The gap between retail price and the cost to make the product is even
greater. Software priced at $100 costs an average of $15 to make, says
David Readerman, an analyst at Montgomery Securities, San Francisco. Even
factoring in the costs of research, sales and marketing, Mr. Readerman
estimates Microsoft has an 85% gross profit margin for most programs.

Novell Corp., a software maker, acknowledges that its gifts last year,
valued at around $1 million retail, actually cost it only $4,820. Oracle
Corp., which says it has made $350 million in software donations to
colleges since 1995, doesn't even bother to take any charitable tax
write-offs. Because tax deductions are based on manufacturing cost, a
company spokeswoman says, the tax breaks are negligible. "It costs more in
paperwork to do the write-off than you get back," she says.

Microsoft's practice of reporting its donations at retail price rather than
cost isn't embraced by all software companies. Pro CD Inc. says touting
gifts of its software programs, which it sells for $99 each but which
actually cost around $10 to make, would constitute "marketing hype," Chief
Executive Greg Andrews says. "We don't play that game," he adds, noting
that Pro CD doesn't quote any price when it gives away its software.

"I can assign whatever value I want," says Michael Durney, director of
philanthropy for Lotus, a unit of IBM. "There's nothing illegal to value it
at the highest possible price. But there is an ethical issue -- the value
we report should be based on reality." Acknowledging that "no one pays
suggested retail any more," Lotus tries to estimate what consumers would
pay, Mr. Durney explains, which is "considerably less" than retail pricing.

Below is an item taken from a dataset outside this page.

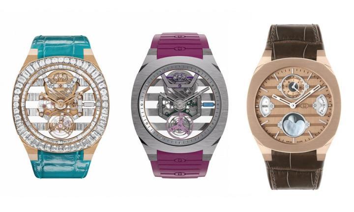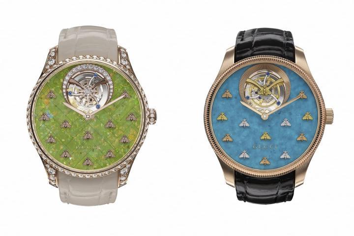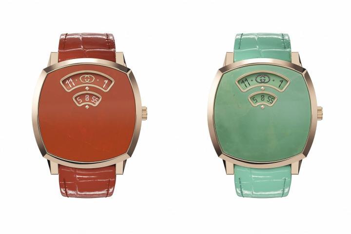 此系列主打表坛于1920年代创制的跳时结构,这种结构的诞生主要是为了强调走时精准度:手表显示系统会在第60分钟为“瞬跳”至下一个小时提供动力。2023年GUCCI分别推出两款玫瑰金新作,一款搭配砖红色碧玉面盘,一款则启用绿玉髓面盘,两款分别配置与面盘色调相近的鳄鱼皮表带,抢眼外观结合俐落跳时机制,让人感受到品牌前卫大胆的造型创意与扎实的工艺水准。

In fact, Microsoft says that if it were to base the value of the donated
software on its wholesale price, it would revise the total for the past
year to $50 million from $62 million retail, dropping the total value of
the contribution to $61.2 million.

"You can value any way you want, what's important is we're giving," Ms.
Dingfield says.

Nonprofit advocates worry that all the focus on product gifts ultimately
will deprive charities of the cash they need for personnel and training.
Says Joel Makower, author of a corporate-responsibility newsletter: "You
can only go so far on products, on surplus Hula-Hoops. Given a choice,
every nonprofit would want cash."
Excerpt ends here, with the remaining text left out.